Modeling and Analysis of Intercalant Effects on Circular DNA Conformation

Eric Krueger, Jiwook Shim, Arman Fathizadeh, Angela Nicole Chang, Basheer Subei, Katie M. Yocham, Paul H. Davis, Elton Graugnard, Fatemeh Khalili-Araghi, Rashid Bashir, David Estrada, Daniel Fologea

Research output: Contribution to journalArticlepeer-review

9 Scopus citations


The large-scale conformation of DNA molecules plays a critical role in many basic elements of cellular functionality and viability. By targeting the structural properties of DNA, many cancer drugs, such as anthracyclines, effectively inhibit tumor growth but can also produce dangerous side effects.
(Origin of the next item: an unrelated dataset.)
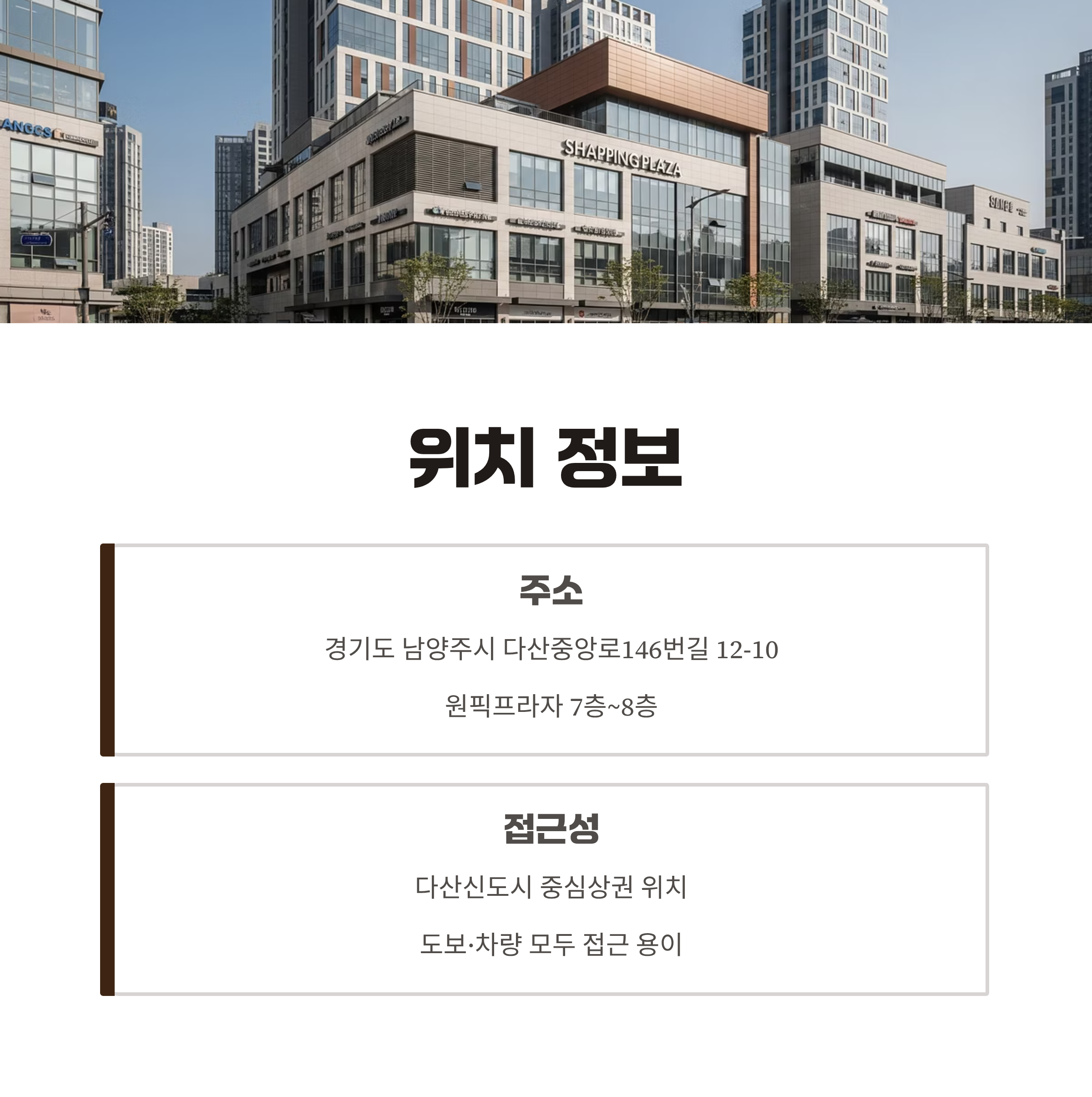 (다산신도시 중심상권에 위치, 도보·차량 모두 접근성 좋아요)

To enhance the development of innovative medications, rapid screening of structural changes to DNA can provide important insight into their mechanism of interaction. In this study, we report changes to circular DNA conformation from intercalation with ethidium bromide using all-atom molecular dynamics simulations and characterized experimentally by translocation through a silicon nitride solid-state nanopore. Our measurements reveal three distinct current blockade levels and a 6-fold increase in translocation times for ethidium bromide-treated circular DNA as compared to untreated circular DNA. We attribute these increases to changes in the supercoiled configuration hypothesized to be branched or looped structures formed in the circular DNA molecule. Further evidence of the conformational changes is demonstrated by qualitative atomic force microscopy analysis. These results expand the current methodology for predicting and characterizing DNA tertiary structure and advance nanopore technology as a platform for deciphering structural changes of other important biomolecules.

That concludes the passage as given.